December 2, 2024
Fraser v. Nova Scotia Barristers’ Society 2024 NSCA 94
The Nova Scotia Court of Appeal released a decision today on lawyer Donn Fraser, dealing in part with his request to seal the court file: Fraser v. Nova Scotia Barristers’ Society – 2024 NSCA 94.
Mr. Fraser unsuccessfully appealed his interim suspension from practice pending an investigation of alleged conduct unbecoming. Among other things he argued the Legal Profession Act says complaints are confidential, so to the extent anything in the court file was part of the Complaints Investigation Committee’s file it should be sealed.
At paragraphs 142-160 the court disagreed, at least in part.

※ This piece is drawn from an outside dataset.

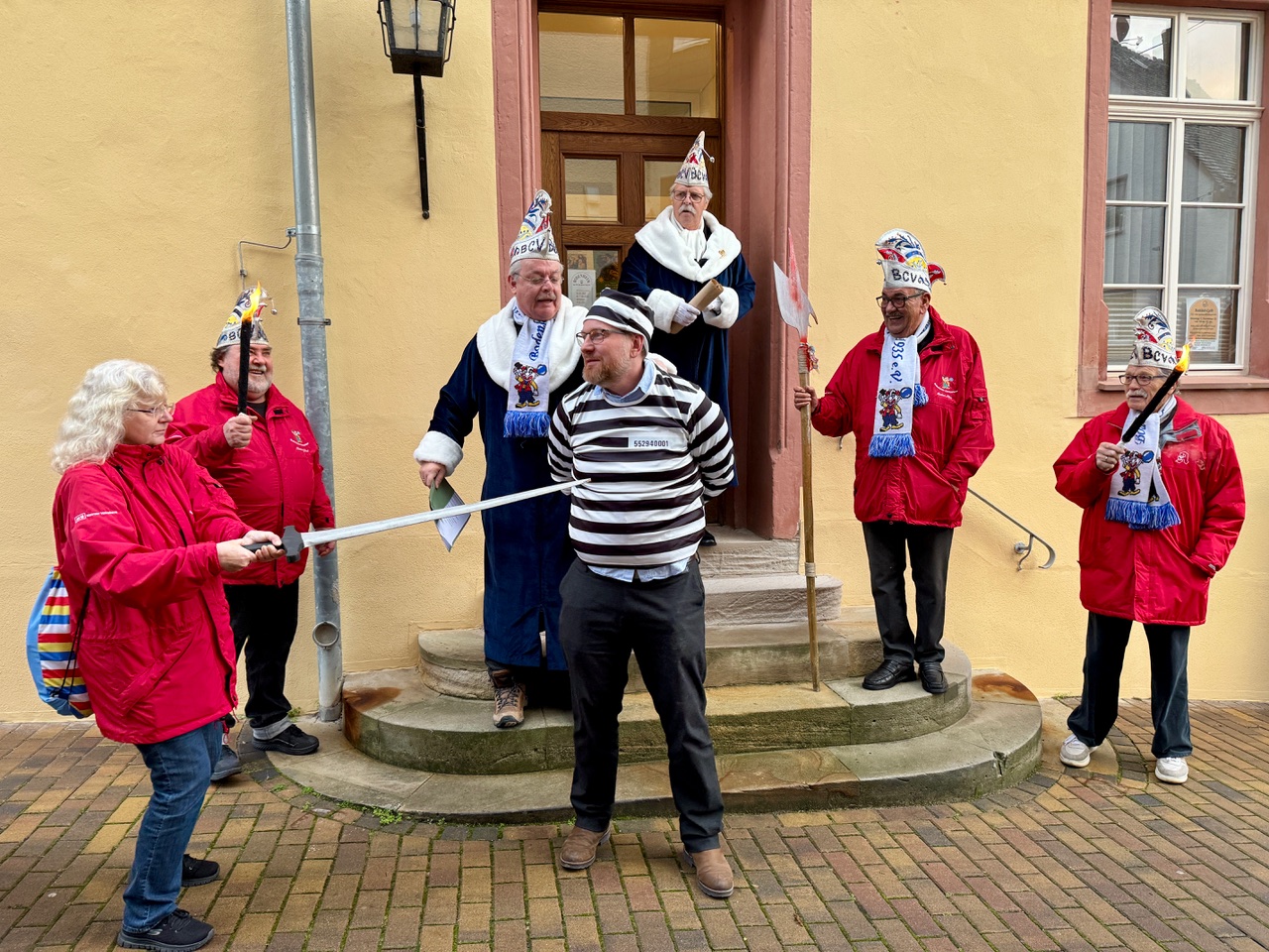 BODENHEIM – Punkt 16.11 Uhr bebte der Boden vor dem Alten Historischen Rathaus in Bodenheim und mit ihm der Stuhl des Ortsbürgermeisters: Der Vorstand des Bodenheimer Carneval Vereins (BCV) marschierte auf – in Uniformen und ohne Pardon. Binnen weniger Minuten wurde das Rathaus gestürmt, Ortsbürgermeister Jens Mutzke (SPD) in Sträflingsstreifen gesteckt, in Ketten gelegt und zu seiner eigenen Überraschung aus dem Rathaus geleitet. Bodenheim wurde übernommen: nicht vom Gemeinderat, sondern von den Narren.
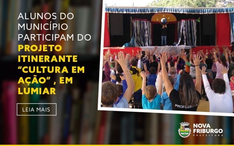 No último dia 23 de junho, quinta-feira, foi realizado o evento “Cultura em Ação”, em Lumiar, 5° distrito de Nova Friburgo. Alunos do primeiro e segundo turnos da Escola Municipal Acyr Spitz, localizada no distrito, participaram desse projeto itinerante que atua no cenário circense e teatral democratizando a Cultura.

The Act makes complaint investigations confidential by default (at least until a hearing, which is open). But disclosure at an interim stage is permitted as an incident of the “administration of this Act.” Administration, the court found, includes an appeal. The court did not feel itself legislation-bound, so continued to Sherman.
Applying Sherman, documents playing a role in the appeal reasoning or already public should be open. But the Sherman test applies “subject only to valid legislative enactments,” and the Act is that. So documents from the investigation file that played no role in the appeal reasoning, and not already public, remained confidential (and therefore were placed under seal).
It’s a bit legislation-specific but this is a good example of an appellate court working through confidentiality language in legislation, the open court principle and the “subject only” language in Sherman.